Health Care Provider: Ideas on how to start a conversation with your health care provider and examples of questions you can ask.

My Health Care Visit: Section for your health care provider to fill out during your visit.

Setting My Goals: Charts for setting goals with your health care provider (or on your own).

Reaching My Goals: Information and ideas to help you reach your goals.

For More Information: Other resources to help you meet your goals.

Wallet Card: Companion to this booklet.

GETTING STARTED

This section asks questions about your current level of physical activity and healthy eating. Check the box that best answers each question and/or write your answer on the line.

PHYSICAL ACTIVITY

  1. How many days a week do you do physical activity? (for example: stretching, playing soccer, running, swimming, playing volleyball, dancing, walking, or other aerobic activities)
  2. How much time do you spend doing physical activity on a typical day?
  3. What activities do you spend the most time doing in your free time? Check all that apply.

HEALTHY EATING

When answering the next questions, think about the variety of foods you eat from each of the food groups from the time you wake up until the time you go to bed. Include all foods and beverages that you eat and drink at home, school, restaurants, and from vending machines.

  1. How often do you have foods from the milk group? For example, on a typical day how often do you drink low-fat or fat-free milk, add milk to your cereal, eat low-fat or fat free yogurt, or cheese?
  2. How often do you eat foods from the meat and beans group such as lean hamburger, chicken, turkey, fish, pork, peanut butter, eggs, nuts, dried beans, or tofu?
  3. How often do you eat fruit or drink 100% fruit juice?
  4. How often do you eat vegetables or drink 100% vegetable juice?
  5. How often do you eat foods from the grains group such as cereal, brown rice, pasta, breads (whole wheat and white breads), tortillas, couscous, bagels, pita bread, or crackers ?
  6. How often do you eat candy, cakes, cookies, doughnuts, candy bars, or chips?
  7. How often do you drink soda, soft drinks, pop, or sweetened teas?
  8. How would you describe your weight?
  9. Do you take vitamin, mineral, or dietary supplements?

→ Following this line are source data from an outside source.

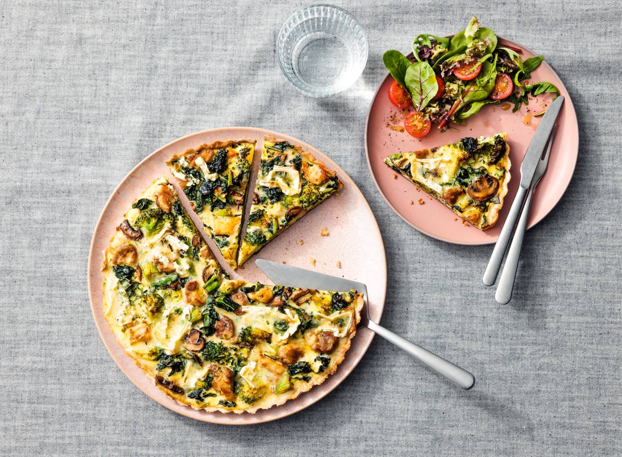 Volkoren quiche met kipdij, Italiaanse roerbakgroente Cavolo Nero en camembert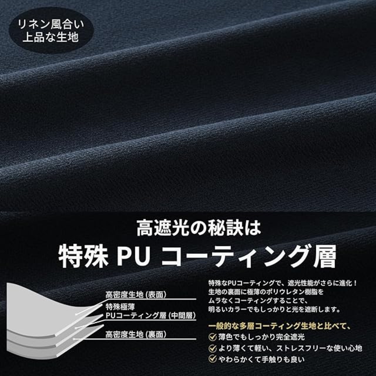 【三層構造】当社独自の特殊PUコーティングを採用した三層構造により、しなやかでソフトな質感を保ちながら、100%完全遮光を実現しました。特に薄い色でもしっかりと外光を遮る高い遮光性を持ち、機能性とデザイン性を両立しています。極薄のPUコーティング層を高密度ドレープ生地で挟み込むことで、従来の分厚くて硬い多層コーティングカーテンに比べて大幅に軽量化され、柔らかさや扱いやすさ、耐久性が向上しています。軽くて扱いやすく、取り付けもラクラク。女性の方やお一人でも手軽に着脱・お手入れが可能です。見た目もすっきり美しく、日々の暮らしに寄り添う高機能カーテンです。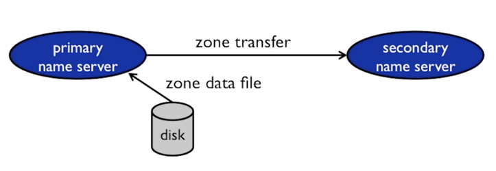 SECONDARYis first setup , it sends an AXFR request to the primary to copy the zone data file. - The PRIMARY sends the zone information to the secondary.
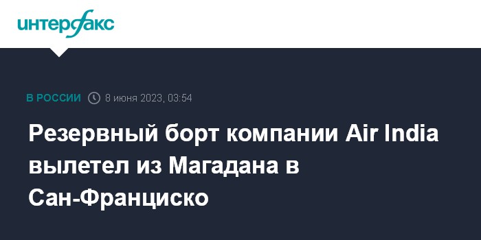 "Резервный самолет компании Air India с пассажирами вылетел в 10:27 по магаданскому времени (02:27 мск - ИФ)", - сказал собеседник агентства.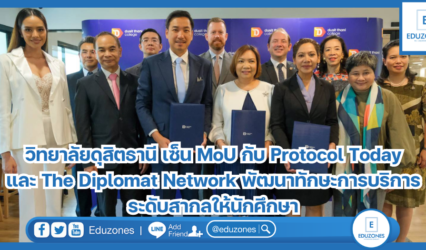 นักศึกษา วิทยาลัยดุสิตธานี เซ็น MoU กับ Protocol Today และ The Diplomat Network พัฒนาทักษะการบริการระดับสากลให้นักศึกษา EZ Webmaster March 22, 2024 เมื่อวันที่ 22 มีนาคม 2567 วิทยาลัยดุสิตธานี สถาบันอุดมศึกษาด้านธุรกิจบริการชั้นแนวหน้าในเครือโรงแรมดุสิตธานี ซึ่งมุ่งมั่นในการปลูกฝังความเป็นสากล (internationalization) ให้แก่นักศึกษา นำโดย ดร. ประวีณา คาไซ รองอธิการบดีฝ่ายกิจการนักศึกษา ได้ลงนามความร่วมมือกับ 2…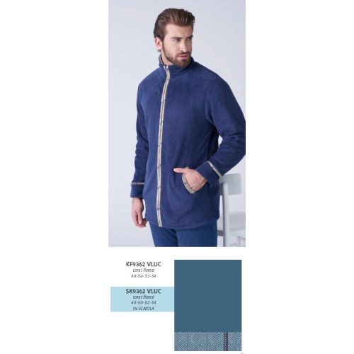 La giacca da camera da uomo SK9362VLUC in elegante tonalità blu acciaio è il capo perfetto per chi desidera unire comfort, praticità e stile raffinato nei momenti di relax domestico.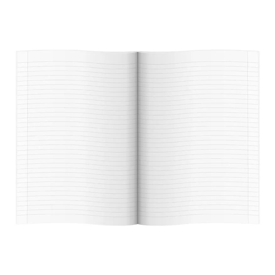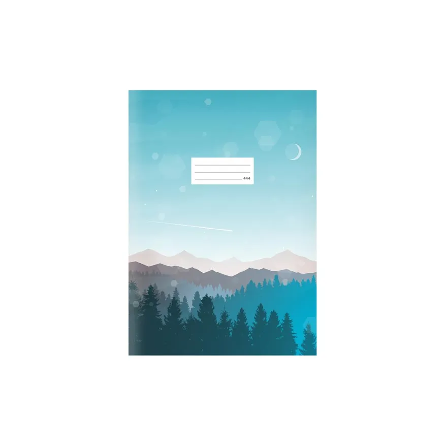 Školní linkovaný sešit ve formátu A4, laděný do modra s motivem krajiny, v originálních deskách s matným laminem a lokálním UV lakem. Stránky jsou opatřené okraji o šířce 1,5 cm.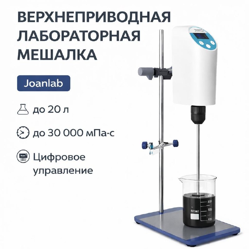 Joanlab OSC-20L — лабораторная мешалка с верхним приводом и цифровым контролем, предназначенная для перемешивания жидкостей и вязких сред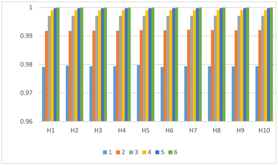 Similar to the imperceptibility evaluation, the results of the 600 tests for the quality analysis of the recovered secret message are gathered in terms of the selected host signal. Each group contains in turn the result of 60 tests, which consist of varying the secret message that is hidden (ten messages in total) and the value for each secret message (six different values). Figure 6 presents the results in confidence intervals of 95%, where it is evident that the recovered signals have soared similarities with the original secret messages, having an value above 0.985 in all cases.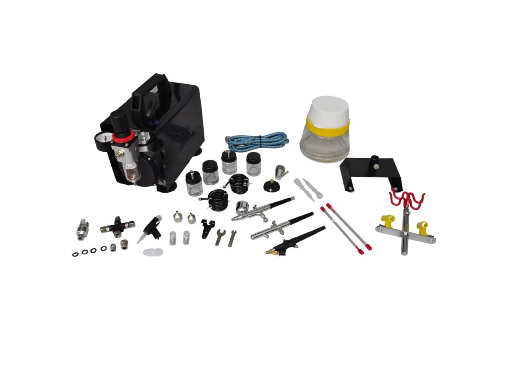 Balení obsahuje 1x mini reciproční kompresorové pouzdro, kontrolu vzduchu, vzduchový filtr, manometr, držák pistole a originální krabici, 1x airbrush se 7dílným setem s jednoduchou funkcí v úložné krabici, 1x airbrush s 8dílným setem s dvojitou funkcí v úložné krabici, 1x airbrush s 9dílnou sadou s dvojitou funkcí v úložné krabici, 1x 3 v 1 čistící nádoba k airbrush setu, 1x držák na airbrush, 1x mini filtr, 1x 3cestný konektor k hadici včetně 2 zátek a také manuál v angličtině a němčině.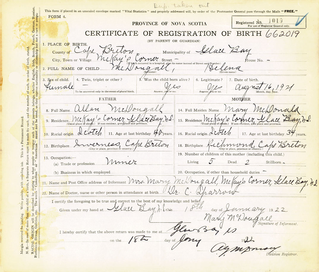 21. Name and Post Office address of Informant Mrs. Mary Macdougall McKays Corner, Glace Bay, Cape Breton
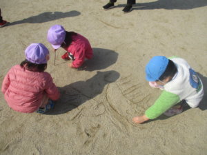 2つの踏み切りと横断歩道を渡って…と、ちょっとした冒険気分を味わいながらたどり着く広い公園。みんなでしゃぼん玉を追いかけて走ったり、地面に目いっぱいお絵かきができるので、子どもたちも気に入ってます。戸外活動を通して、季節の風や温度などを感じ、自然と触れ合うことで好奇心や感受性を育んでいきたいと思います。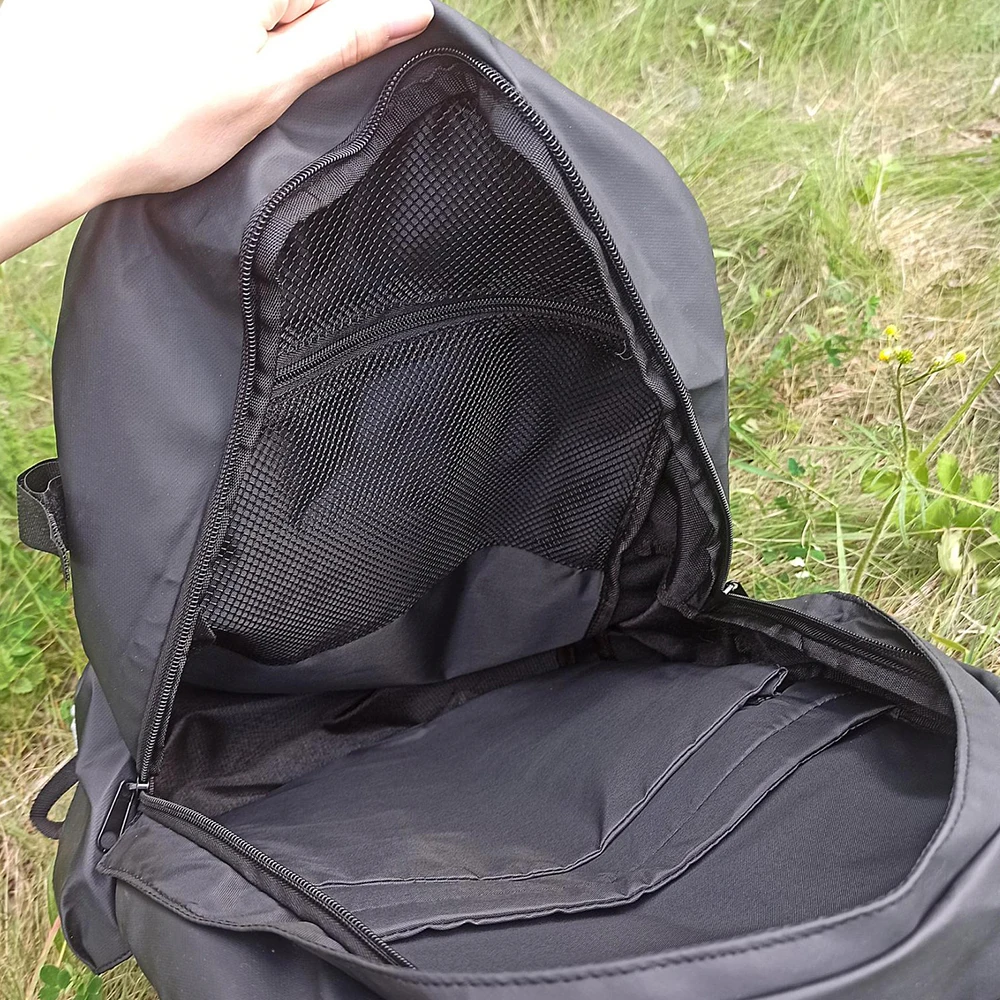 -Bolsillo lateral con capucha y ventana de malla laminada · 2 compartimentos de almacenamiento internos y 1 bolsillo con cremallera ·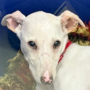 A Zelda la encontraron abandonada en el campo, es una mestiza de galgo, solo tiene 4 meses y ya la han abandonado. Triste destino de los perros de caza .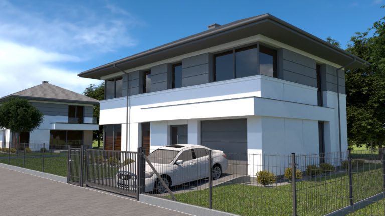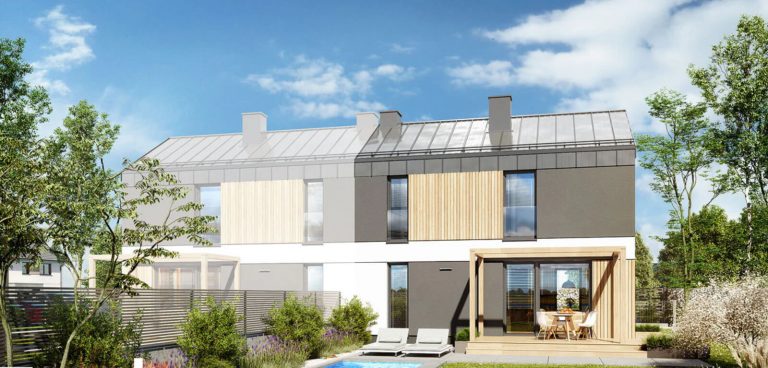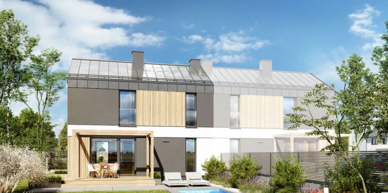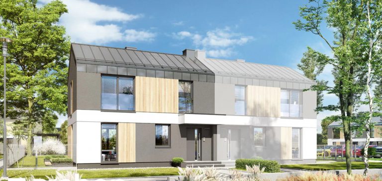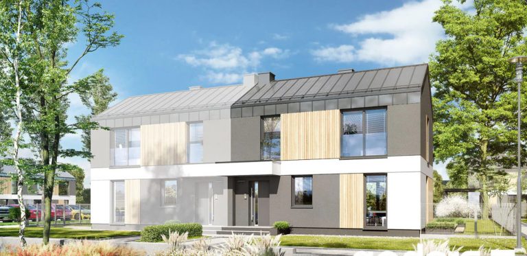 Dwie pełne kondygnacje pozwalają maksymalnie wykorzystać powierzchnię użytkową domu. Kopertowy dach pokryty jest dachówką, a każdy z budynków posiada jasne i przestronne wnętrza, doświetlone dużymi oknami. W elewację wkomponowano elementy ozdobne tak aby podkreślić nowoczesną architekturę i stylowy charakter domów.

"I know that getting at least 60 minutes of physical activity a day is important for staying healthy but, with school and a part-time job, I don’t have a lot of time for it. My doctor told me that even small amounts of physical activity throughout the day make a big difference, and she gave me some ideas of things I can do. My favorite? Walking briskly through the mall with my friends! Who knew exercising could be so fun?"
Brenda
Baltimore, MD

"By the time I get home from school, I’m starving and can’t wait until dinner to eat! Last time I saw my doctor, she recommended some healthy foods that make good after-school snacks. Now, I ask my mom to buy raisins and apples for me to snack on. It keeps the hunger pangs away and my energy up while I’m doing my homework, too."
Shannette
Des Moines, Iowa


HEALTH CARE PROVIDER

TALKING WITH MY HEALTH CARE PROVIDER

Many health care providers will answer your questions about physical activity and healthy eating. Let them know that you have some questions at the start of your visit. Here are some examples of questions that you may want to ask.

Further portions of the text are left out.